GENERIC NAME: atomoxetine
BRAND NAME: Strattera
DRUG CLASS AND MECHANISM: Atomoxetine is an oral drug that is used for treating attention deficit hyperactivity disorder (ADHD). An estimated 15 million Americans have ADHD, and approximately half will require drug therapy to control symptoms. While some children outgrow ADHD, about 60% continue to have symptoms into adulthood. Until recently, drug therapy has consisted almost exclusively of stimulants such as amphetamines and methylphenidate (Ritalin and others). These stimulants are restricted in availability under the Controlled Substances Act because of their potential for abuse. Atomoxetine is the first drug for ADHD that is not a stimulant under the Controlled Substances Act.
Although it is not known precisely how atomoxetine reduces the symptoms of ADHD, scientists believe it works by affecting neurotransmitters in the brain, chemicals that the nerves use for communicating with one another. One neurotransmitter, norepinephrine, is considered important in regulating attention, impulsivity and activity levels, all of which are abnormal in ADHD. Norepinephrine is manufactured by nerves in the brain and then is released from the nerves. The norepinephrine travels to other nerves and attaches to the nerves, causing changes in the way the nerves function. Some of the norepinephrine that is released is reabsorbed by the nerves that produce it thereby reducing the amount of epinephrine that is available to travel to other nerves. Atomoxetine is believed to reduce the reabsorption of epinephrine by nerves. This makes more norepinephrine available to attach to other nerves in the brain. Atomoxetine was approved by the FDA November 2002.
GENERIC AVAILABLE: Yes
PREPARATIONS: Capsules of 10, 18, 25, 40, 60, 80, and 100 mg strengths.

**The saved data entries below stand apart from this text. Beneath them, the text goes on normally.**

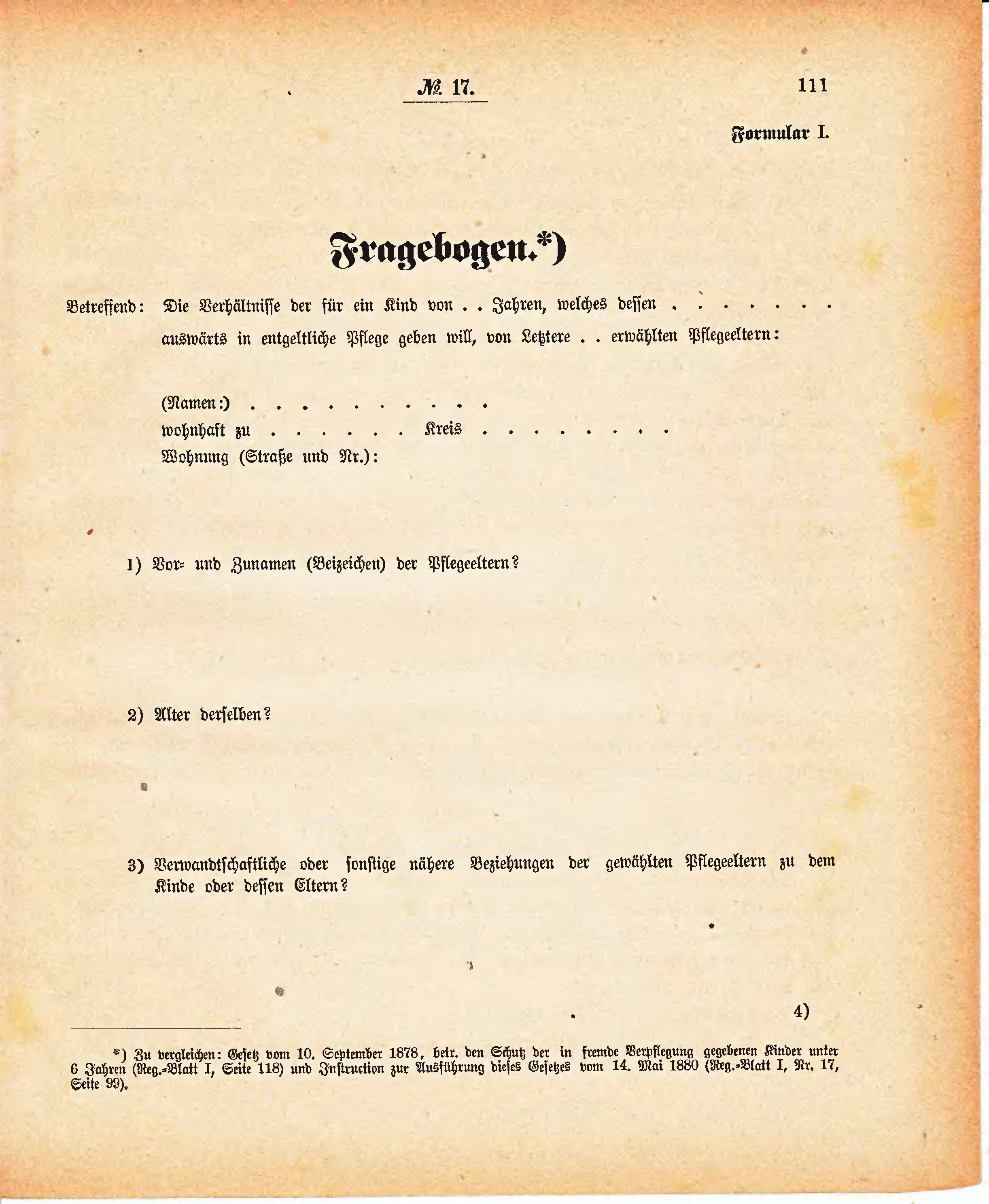 *) Zu vergleichen: Gesetz vom 10. September 1878, betr. den Schutz der in fremde Verpflegung gegebenen Kinder unter 6 Jahren (Reg.-Blatt I, Seite 118) und Instruction zur Ausführung dieses Gesetzes vom 14. Mai 1880 (Reg.-Blatt I, Nr. 17, Seite 99).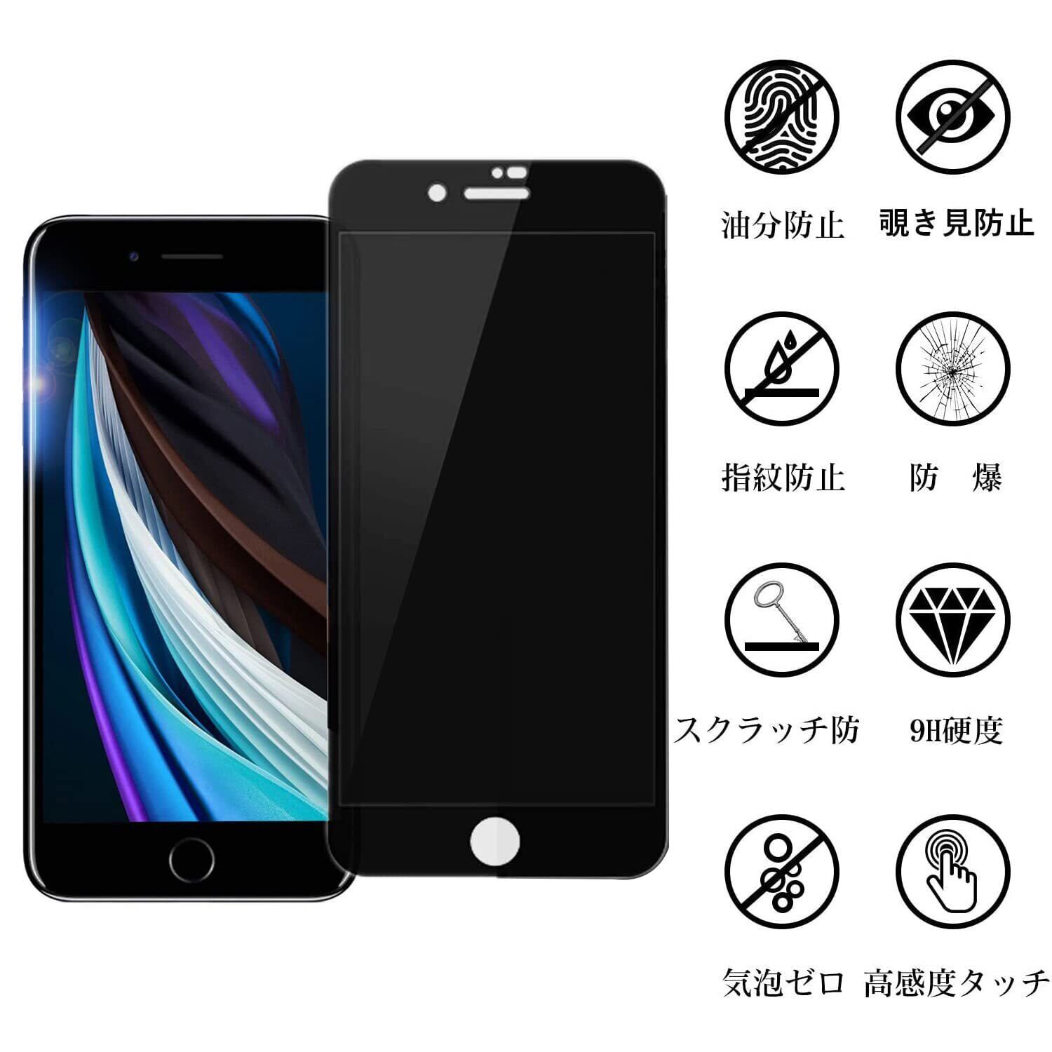 【覗き見防止】 iPhone SE2 ガラスフィルム iphonese2 フィルム のぞき見防止 第2世代 専用 iphoneSE2 保護ガラス アイフォンse2 ガラスフィルム のぞき見 【貼り付け簡単/気泡ゼロ/割れない】【2枚入】
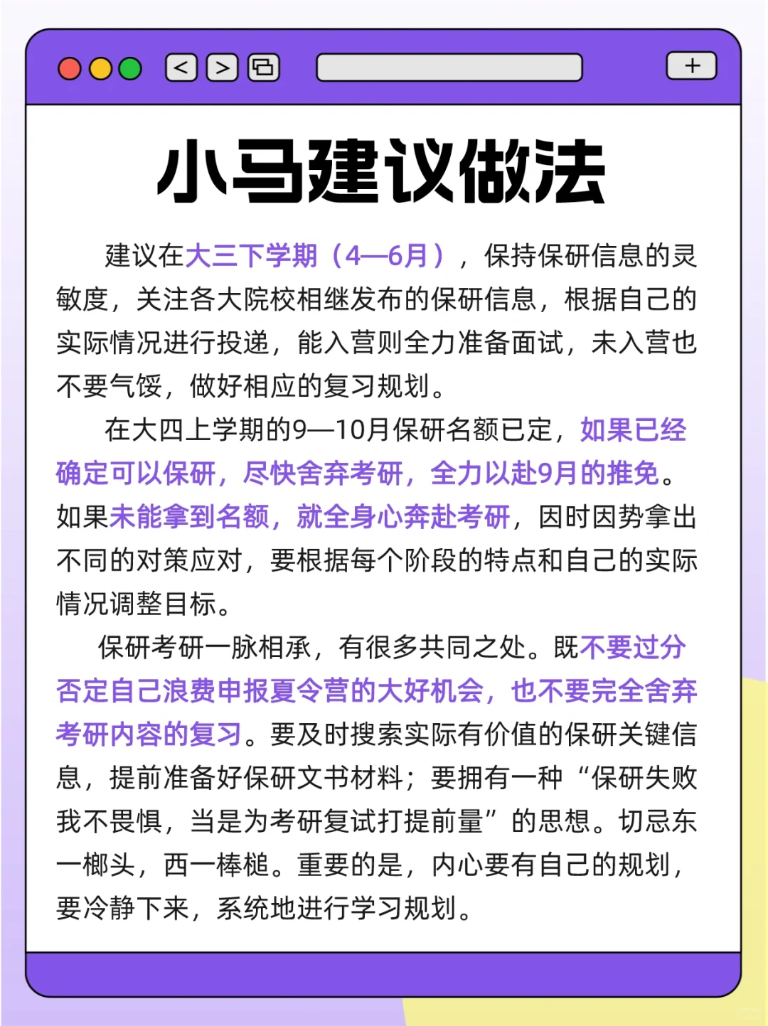 近来,关于“考研”“保研”“留学”“工作”,同学们纠结不定,而对于“考研”“保研”更是焦虑。这道看起来非A即B的单选题,我们的确要对它或主动或被动地作出最后的选择。[哭惹R][哭惹R][哭惹R]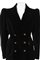 Iconico e raro completo doppiopetto in velluto nero Red Label degli anni '90, blazer con maniche a sbuffo e bottoni metallici orb, due tasche con patta, completamente foderato con fodera rosa jacquard orb, minigonna con zip sul retro.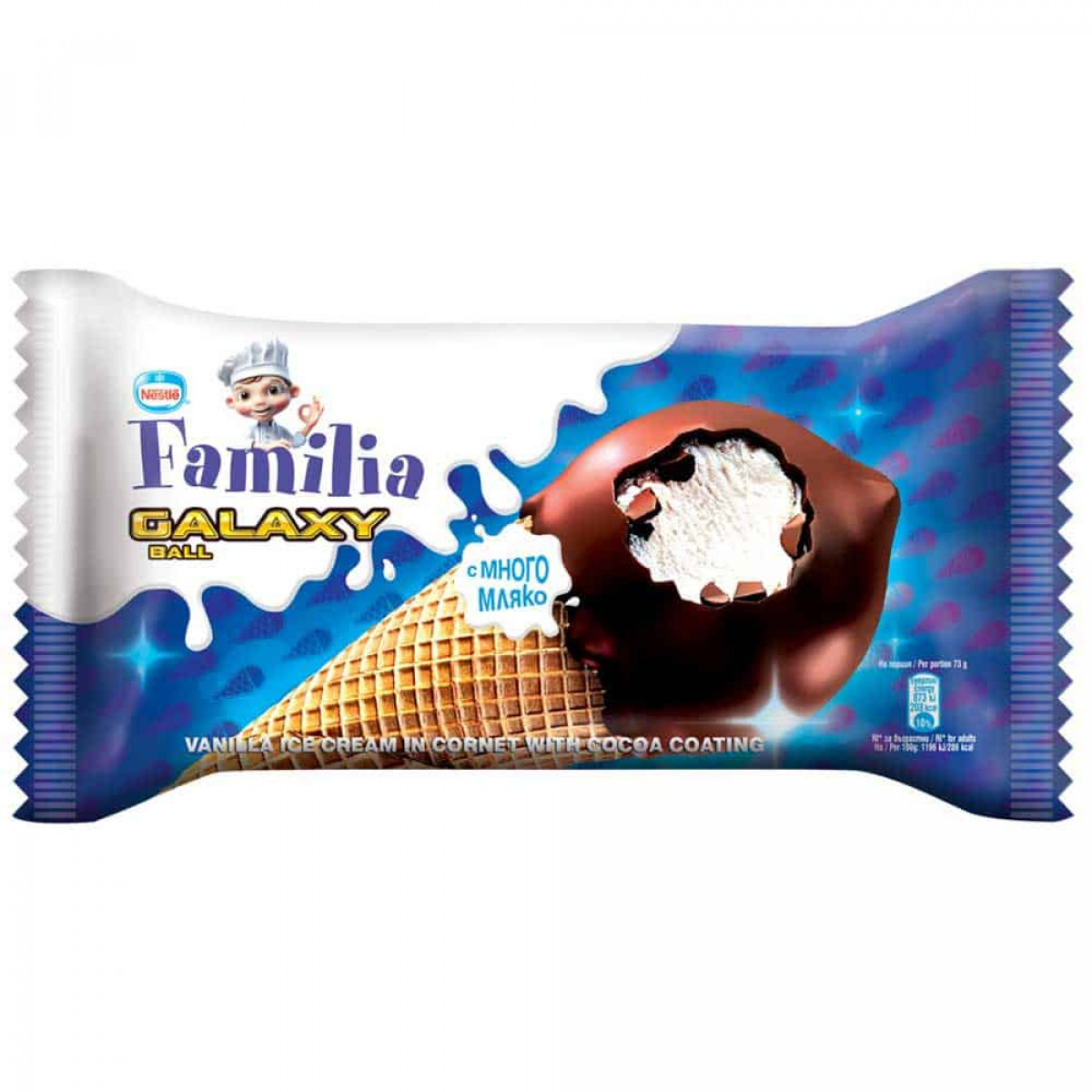 Състав: възстановено обезмаслено мляко, захар, вода, глюкозен сироп, суроватка на прах (от мляко), пшенично брашно, яйца на прах, какаова маса, картофено нишесте, емулгатор (моно- и диглицериди на мастни киселини, слънчогледов лецитин), какаово масло, стабилизатори (гума гуар, гума локуст бийн, сорбитол, преработени "Euchema" водорасли, гума ксантан),  оцветител (карамел (амониев сулфит)), пълномаслено мляко на прах, сухо обезмаслено мляко, ароматизанти, набухвател (динатриев дифосфат, натриев хидроген карбонат), краве масло (от мляко), сол, яйчен жълтък на прах, декстроза. Може да съдържа соя и ядки.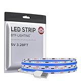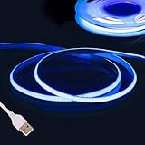 - 5V USB COB LED Streifen: 1M, 320 LEDs/m, CRI>85, Blau. hell als gewöhnliche LED-Lichtstreifen mit gleichmäßiges, weichem Leuchten, Hohe Dichte verteilte LED-Chips. Lineare Beleuchtung, keine Sorgen mehr über dunkle Flecken, die ideal ist, um die Überanstrengung der Augen zu reduzieren. Es wird über USB mit Strom versorgt und kann direkt in eine USB-Buchse oder einen Ladeblock gesteckt werden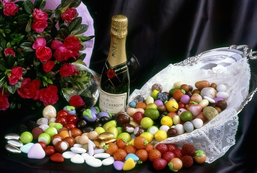 "Конфетти" на итальянском - это не обрывки бумаги, а сладкие украшение, особенно драже, которые получают все гости свадьбы. Раньше ими забрасывали жениха и невесту, но теперь конфетки для этой цели заменили на маленькие цветные кусочки бумаги.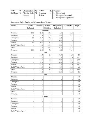 Status of Available Sulphur and Micronutrients (% Area)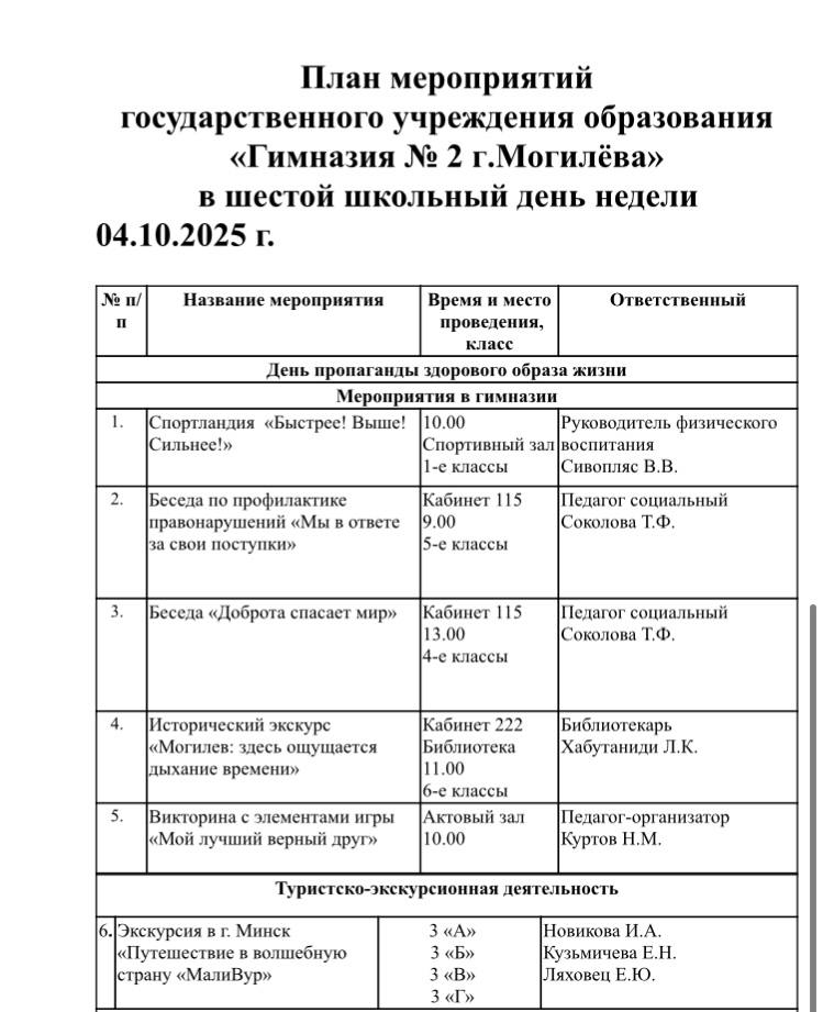 ГУО "Гимназия №2 г.Могилёв" - Официальный сайт » Главная » План мероприятий в шестой школьный день 04.10.2025г.

STORAGE: Atomoxetine capsules should be stored at room temperature, 59 F to 86 F (15 C to 30 C).
PRESCRIBED FOR: Atomoxetine is used for the treatment of ADHD in children, adolescents and adults.
DOSING: Atomoxetine is taken once or twice daily. It may be taken with or without food. The capsules should never be broken and sprinkled on food. They must be taken whole.
DRUG INTERACTIONS: Atomoxetine should not be taken with a monoamine oxidase inhibitor (MAOI) or within 14 days of stopping an MAOI, for example, phenelzine sulfate (Nardil) and tranylcypromine sulfate (Parnate).
Fluoxetine (Prozac), paroxetine (Paxil), quinidine, and other medications can block the enzyme in the liver that eliminates atomoxetine from the body. This can increase the amount of atomoxetine in the blood and possibly increase the risk of side effects.
PREGNANCY: In some animal studies (rabbits and rats), very high doses of atomoxetine (6- to 23-fold higher than those that would be used in humans) were associated with lower birth weight and lower fetal survival. No adequate studies have been done in pregnant women. Therefore, before prescribing atomoxetine to pregnant women, physicians must weight the potential benefits against the potential and unknown risks.
NURSING MOTHERS: Atomoxetine is excreted in the breast milk of animals. Although not similarly studied in humans, it is likely that atomoxetine is excreted in human breast milk as well. The benefits and potential risks of atomoxetine therefore must be weighed before it is prescribed to nursing mothers.
SIDE EFFECTS: The most common side effects of atomoxetine in children and adolescents are upset stomach, decreased appetite, nausea and vomiting, dizziness, tiredness, and mood swings. Some children may experience a loss of weight.